How exclusions shape our investment universe
Exclusions are a quick way to shape our investment universe. Since the exclusions are based on our values or past experience, they do not make us worry that we are missing out on something. Rather, these exclusions help us efficiently find our investment gems.
Twice a year, we engage in a quantitative process we call Screening to narrow down our investment universe. This table is from the Fall 2021 Screening and it shows that our exclusion approach helped us narrow down our investment universe from 98’000 possible tickers (one ticker represents one company) to 43’381 based on our exclusion criteria alone.

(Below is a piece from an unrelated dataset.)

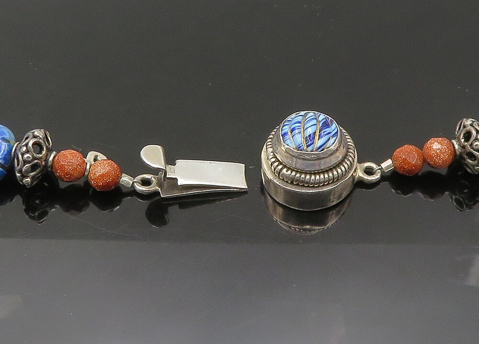 925 Silver Vintage Lapis Lazuli Sodalite & Goldstone Chain Necklace NE3529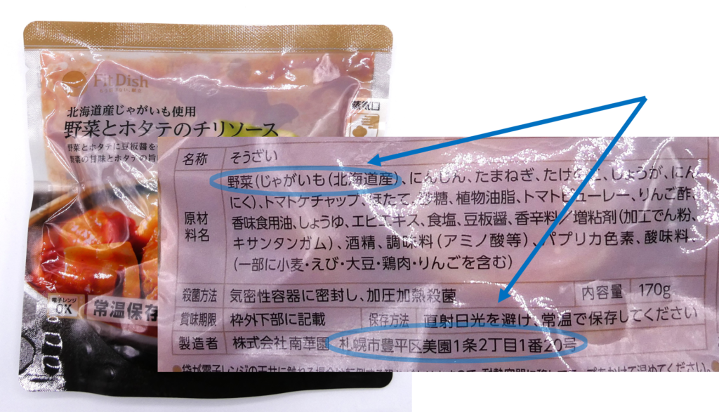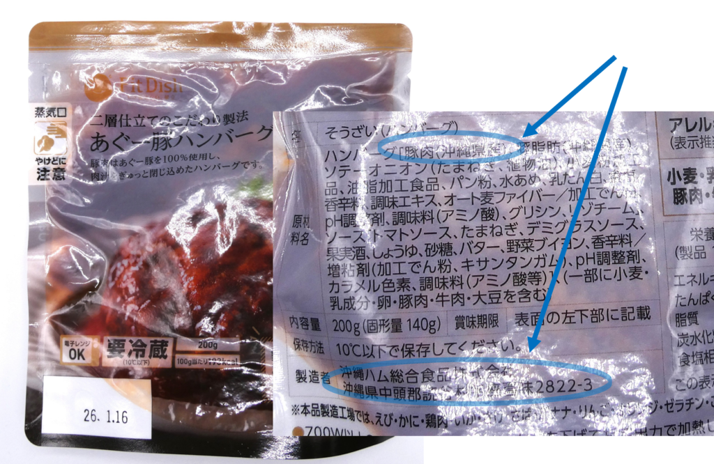 例えば、北海道産の野菜を使ったおかず「北海道産じゃがいも使用野菜とホタテのチリソース」は、北海道の食品工場で製造され、沖縄産の豚を用いた肉料理「二層仕立てのこだわり製法あぐー豚ハンバーグ」は、沖縄で製造されているといった感じです。

Following the sustainability based exclusions, we further narrow down the investment universe with our financial risk management exclusions. Risk based exclusions are for instance limiting the companies’ debt allowance or ensuring sufficient liquidity in the underlying stock. We then rank the remaining stocks utilizing our proprietary financial and sustainability metrics to narrow down the universe to the most promising 50 companies. At this point, we shift the focus from what we exclude to what we prefer to see in a company. Next to an attractive valuation as an example on the financial side, we also screen for values we foster and standards we support on the sustainability side.
The final outcome of our screening is a list of 50 stocks exhibiting our preferred characteristics as far as they are quantitatively measurable. We then proceed to rigorously research them to find new investments.